When my father died, I felt gutted. A very large portion of my identity was being a daughter and without him, I didn't feel I knew myself. The poem "Death is Nothing at All" by Henry Scott-Holland grounded me. I would read it several times a day to remind myself that although I felt the best part of me was gone, I was still okay because the best part of my father was still in me. Each time I read the poem I felt he was close to me, and I was going to be okay. It helped me move when I felt I was frozen.
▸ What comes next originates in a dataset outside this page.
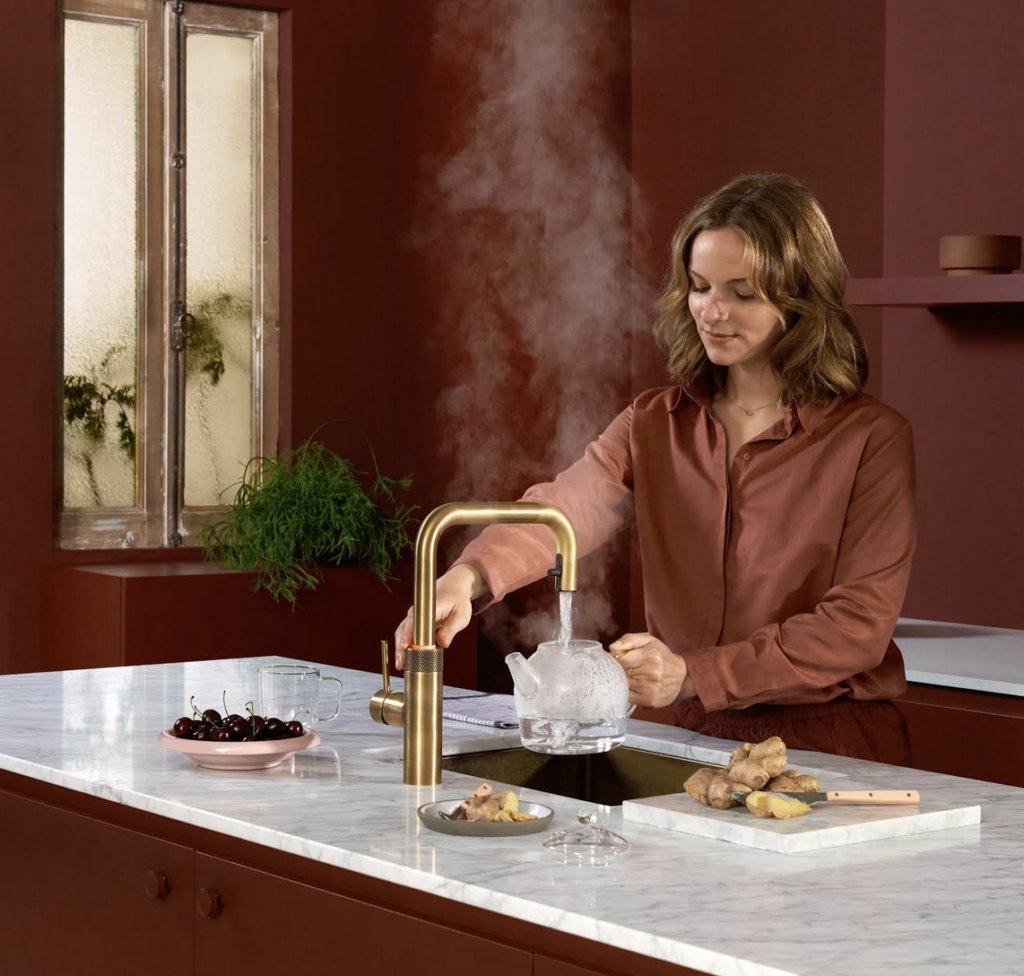 Il sistema Quooker (nell’immagine il nuovo modello Flex in ottone patinato) permette di erogare acqua bollente istantanea a 100°C, consentendo di non utilizzare altri elettrodomestici come il bollitore. E’ possibile (aggiungendo il serbatoio Cube) ottenere anche anche acqua naturale e frizzante, refrigerata e filtrata: questo consente di ridurre l’utilizzo di bottiglie di plastica, con un importante impatto positivo sull’ambiente. Quooker permette di avere sempre a disposizione l’acqua di cui si hai bisogno, nella quantità esatta che serve, evitando sprechi e migliorando l’efficienza in cucina. Con il serbatoio Combi (+) è possibile avere anche acqua calda istantanea. I cilindri di CO2 vuoti possono essere restituiti gratuitamente a Quooker che li ricarica e li prepara per un nuovo utilizzo, evitando così sprechi. L’azienda collabora con Blue Made Foundation, converte il risparmio idrico ottenuto in acqua potabile pulita nei paesi in via di sviluppo (1 litro per 1 litro).

—Submitted by Susan Scott, Austin, TX

Death is Nothing at All

Death is nothing at all. It does not count. I have only slipped away into the next room. I am I, and you are you. Whatever we were to each other that we still are. Call me by my old familiar name, speak to me in the easy way which you always used. Put no difference into your tone, wear no forced air of solemnity or sorrow. Laugh as we always laughed at the little jokes we enjoyed together. Play, smile, think of me. Pray for me. Let my name be the household name it always was. Let it be spoken without the shadow of a ghost in it. Life means all that it ever meant. It is the same as it ever was. What is death but a negligible accident. Why should I be out of mind because I am out of your sight. All is well, nothing is lost. One brief moment and all will be as it was before.